Overgrowth Of The Amputation Stump
George T. Aitken, M.D.
Overgrowth of the stump skeleton is a common complication of amputation surgery in children. This report is concerned with a review of our experiences in this area.
We have thirty-nine patients in our child amputee center who have been treated for overgrowth, representing an incidence of 12.4%. These thirty-nine patients are extracted from 308 traumatic (surgical amputations) and six so-called congenital amputations. The group is composed of twenty-eight males and eleven females. The bones involved are the humerus, fibula, tibia and femur. Thirty-two of the patients are Caucasian and seven are Negro. Four had overgrowth which to date has not required surgical conversion. Twenty-seven had a single operative procedure for overgrowth and eight underwent two or more operative procedures, the maximum being three.

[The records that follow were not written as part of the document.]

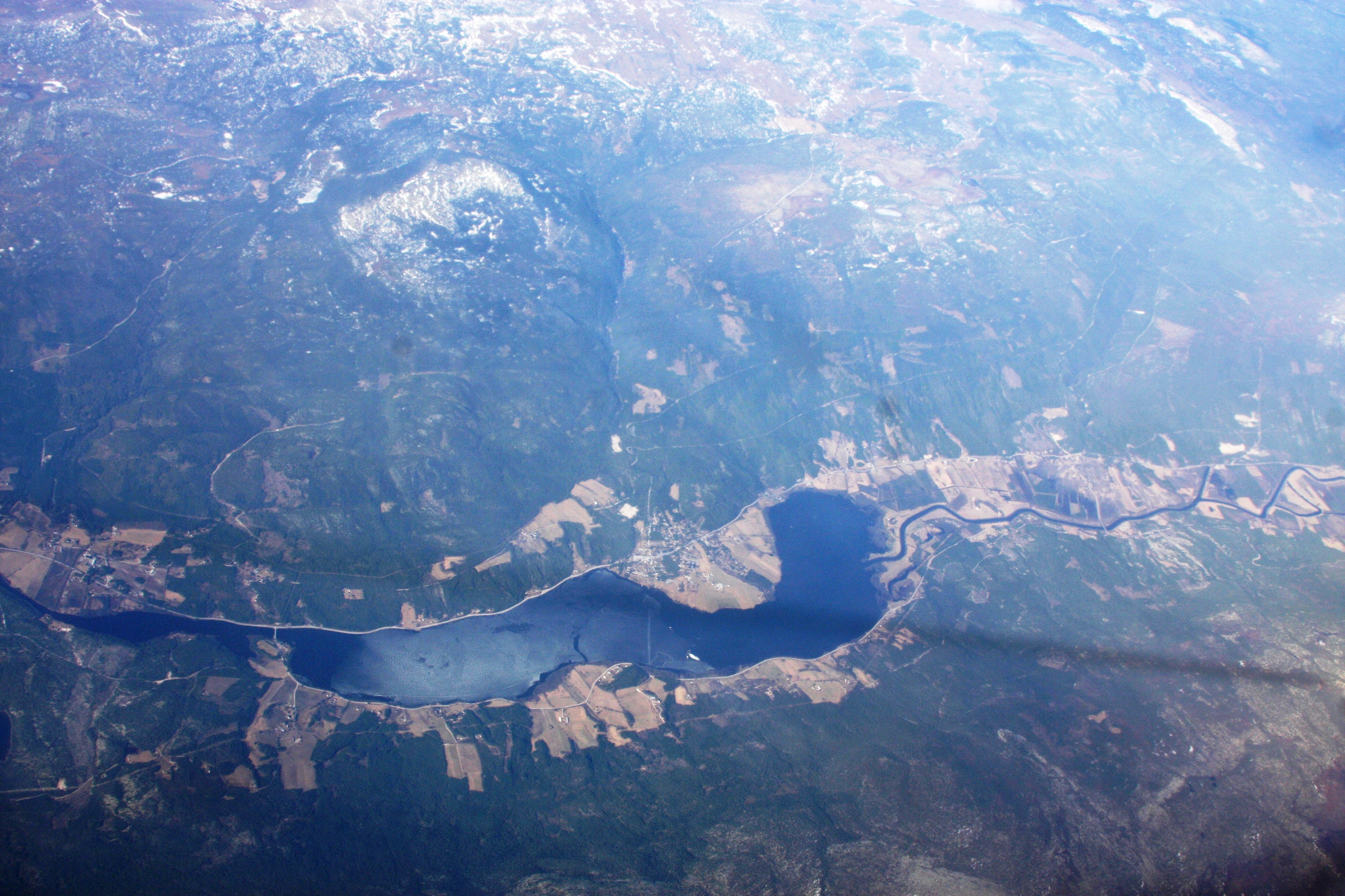 Lomnes Lake, in the Rena river, municipality of Rendalen, Norway.
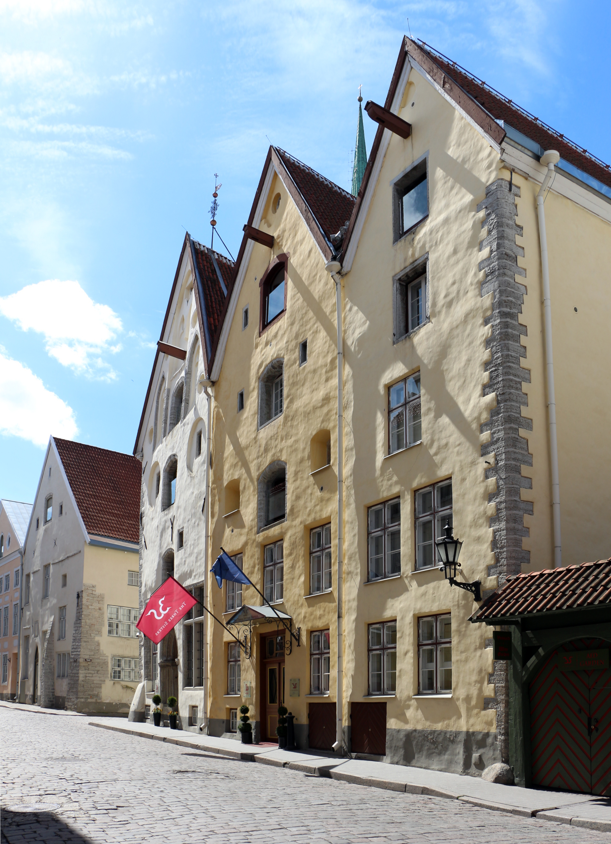 Three Sisters in Tallinn
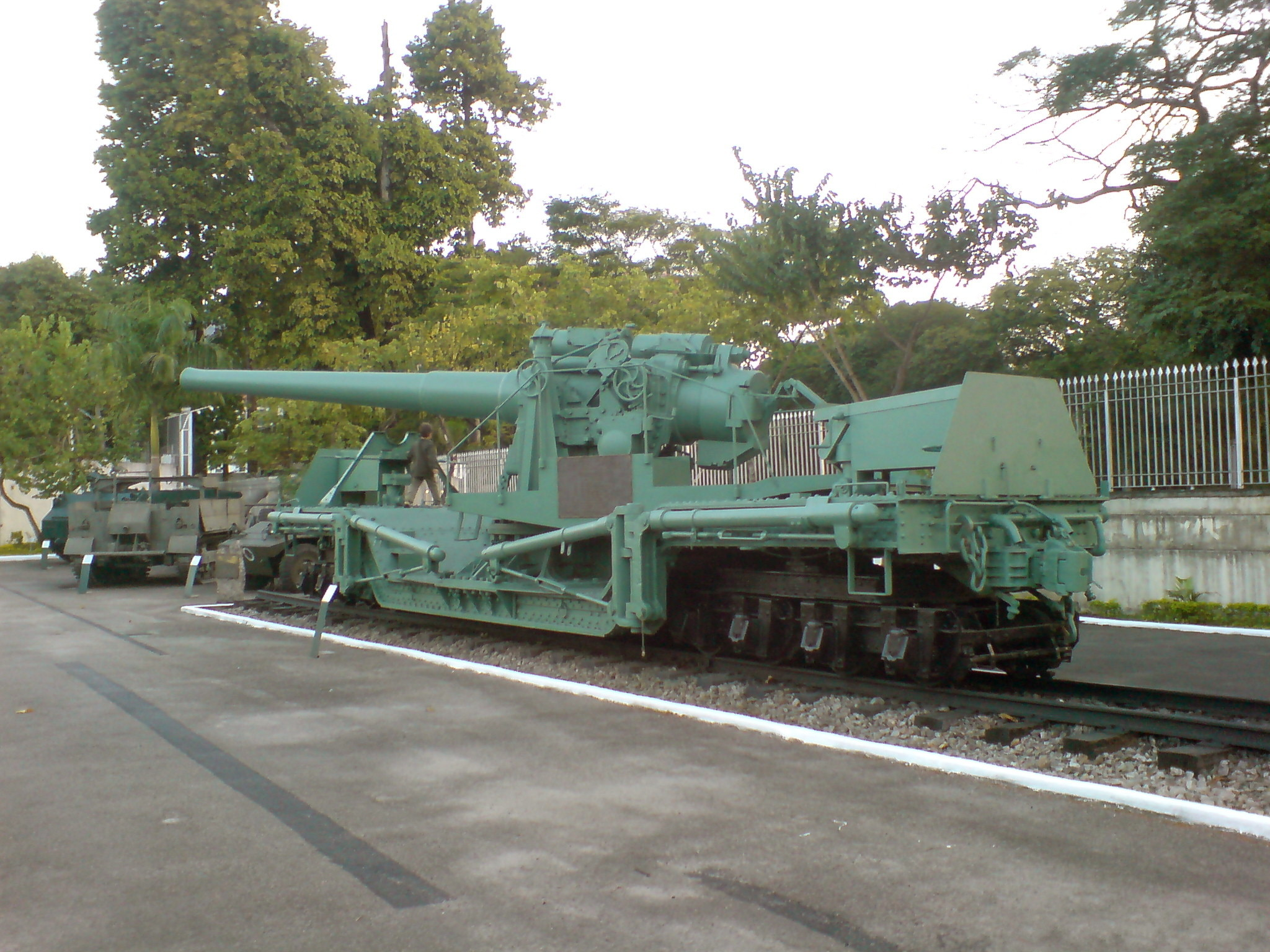 The last surviving Bethlehem Steel 177 mm (7 inch) railway gun bought in 1941 by the brazilian army for coastal defence, is now on display at Museu Militar Conde de Linhares in Rio de Janeiro, Brazil.

Clinically, bony overgrowth of an amputation stump presents itself as a conical extension at the distal end of the stump involved. The bone becomes increasingly pointed and the skin over the area of overgrowth becomes attenuated, thin, unwrinkled and shiny. Occasionally, a bursa develops between the stump skeleton and the skin. In severe cases, there is penetration of the skin by the stump skeleton with the formation of a chronic ulcer and redundant granulation tissue (see Fig. 1A and Fig. 1B ). The diagnosis of this condition is made by clinical inspection and X-ray examination.
The etiology of stump overgrowth is not clearly established at the present time. Prior to 1950 there was very little consideration of this problem in the English surgical literature. Most articles simply recognized the complication and indicated that the treatment was revision of the stump. There were, however, a few authors who believed that the condition occurred because of activity of the proximal epiphysis of the involved bone. Epi-physiodesis of the proximal epiphysis of the overgrown bone has been recommended in addition to stump revision. It was suggested that epiphysiodesis would prevent recurrence of this complication.
It is my opinion that overgrowth represents not an epiphyseal contribution, but rather an endosteal or apposi-tional phenomenon.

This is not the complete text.